Materials and methods

Cell culture

The C2 canine mastocytoma cell line was obtained from Dr. J. Wakshlag (Cornell University, Ithaca, NY, USA). Cultures were maintained in Falcon T-75 flasks at 37°C/ 5% CO2 in C2 complete media (RPMI-1640 (Caisson Labs, North Logan, UT, USA) with 10% fetal bovine serum (Caisson Labs), 1% penicillin/ streptomycin (Mediatech, Manassas, VA, USA), 1% sodium pyruvate (Lonza, Walkersville, MD, USA), and 0.5% 2-ME (60µM final concentration) (Sigma-Aldrich, St. Louis, MO, USA)), exchanged every 2 days. Experimental subcultures were plated into 96 well strip well plates (Corning, Lowell, MA, USA) at 8×103 cells per well or 35mm dishes (BD) at 5×105 cells per dish 2 days prior to experimentation to allow for the formation of a contiguous cell monolayer.

Freezing protocol

Costar strips (Corning) with 75µl medium per well or 35mm Falcon dishes with 1.5ml medium per dish were placed on a pre-cooled block within a circulating temperature-controlled bath at a preset temperature. Samples were frozen to temperatures of -5, -10, -15, -20 or -25°C. Sample temperature was monitored with a type T thermocouple (Omega, Stamford, CT, USA) and ice nucleation was initiated by liquid nitrogen vapor (crystallized water vapor) when samples reached -2°C (±1°C). Samples were held for 3, 5, or 10min and then allowed to thaw at room temperature (10min) before return to normothermic culture (37°C) to allow for system recovery and downstream assessment.

Cell viability

Sample viability was assessed post-thaw using the metabolic activity assay alamarBlue (Invitrogen, Carlsbad, CA, USA), diluted 1:20 in Hanks balanced salt solution (Mediatech). Media was aspirated and replaced with 100µl per well alamarBlue for 1h incubation at 37°C, and subsequently analyzed with a Tecan SPECTRAFluorPlus plate reader (TECAN Austria GmbH, Grödig, Austria) at excitation λ=530nm and emission λ=590nm. Following assessment, fresh media was replaced and samples were returned to 37°C. Assessment was repeated daily over a 3 days recovery period.

Caspase inhibition assay

Pan caspase inhibitor VI (EMD Millipore, Billerica, MA, USA) was reconstituted in dimethyl sulfoxide at a concentration of 10mM and diluted to a final concentration of 10µM in culture media prior to use. Inhibitor was applied in fresh medium to C2 subcultures in costar plates and kept at 37°C for 30minutes prior to freeze exposure.

Fluorescence microscopy

Samples were frozen as described and then fluorescence imaging was conducted at 1, 4, 8 and 24h post-freeze. Prior to imaging, samples were labeled with tri-stain fluorescent probes Hoechst (living cells, 0.06µg/µl), propidium iodide (necrotic cells, 0.007µg/µl), and YO-PRO-1 (apoptotic cells, 0.8µM) (Molecular Probes, Invitrogen, Eugene, OR, USA) to allow for identification of living, necrotic, and apoptotic populations within the sample. Samples were incubated for 15min in the dark before visualization using Zeiss Axiovert software (Carl Zeiss Microimaging, Thornwood, NY, USA) at 20×magnification.

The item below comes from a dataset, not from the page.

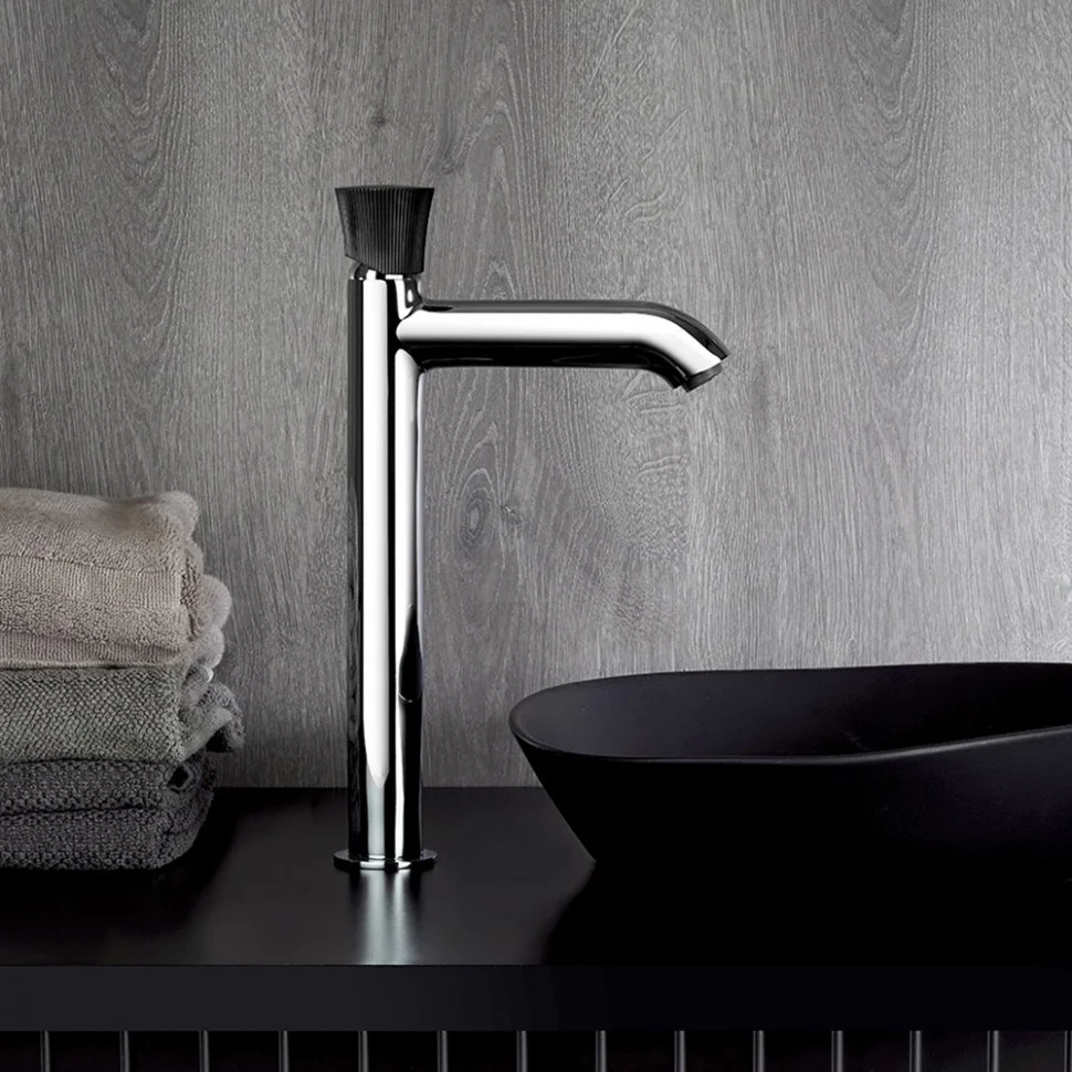 • Увеличенная высота корпуса смесителя позволяет использовать его с накладными раковинами и раковинами-чашами.

Total protein was isolated temporally at 1, 4, 8 and 24hours post-freeze using radioimmunoprecipitation assay (RIPA) buffer with Halt protease inhibitor cocktail (Thermo Scientific, Rockford, IL, USA). Cell lysates were centrifuged for 15minutes at 13,000 rpm to collect the supernatant protein. Protein levels were quantified using a bicinchoninic acid protein assay kit (Pierce, Thermo Scientific). Equal amounts of protein (45µg) were separated on 12% polyacrylamide gels for 50min at 200 V and then transferred to polyvinylidene difluoride membranes using a semi-dry transfer system (Bio-Rad, Hercules, CA, USA) for 30min at 15V. Membranes were blocked with a non-animal protein buffer (G-Biosciences, Maryland Heights, MO, USA) diluted 1:1 with Tris-buffered saline and 0.1% Tween-20 for 1h at room temperature. Membranes were exposed to primary antibody overnight at 4°C in a humidity chamber. Primary antibodies were validated by the manufacturer for canine reactivity and include: phospho-Akt (1:500, Cell Signaling Technology, Danvers, MA, USA); Bcl2 (1:250, BD Transduction Laboratories, Franklin Lakes, NJ, USA); PARP (1:500, BD), Bax (1:500, BD), and α-tubulin (1:2000, abcam, Cambridge, MA, USA). Antibodies were diluted in a 1:2 solution of non-animal protein buffer and Tris-buffered saline with 0.1% Tween-20. Membranes were then washed (three washes at ten minutes each with agitation) in Tris-buffered saline with 0.1% Tween-20 prior to 1h room temperature secondary antibody hybridization in a 1:2 dilution of non-animal protein buffer in Tris-buffered saline with 0.1% Tween-20 with goat anti-rabbit-HRP (1:10,000, Pierce) or goat anti-mouse-HRP (1:10,000, Pierce) and StrepTactin-HRP (1:40,000, Bio-Rad) for molecular weight marker visualization. Membranes were then washed as described above before detection using the LumiGLO/Peroxidase chemiluminescent detection kit (CST) on a FujiFilm LAS-3000 system (FujiFilm, Edison, NJ, USA). Molecular weight was confirmed by migration of the western C-HRP protein marker (Bio-Rad).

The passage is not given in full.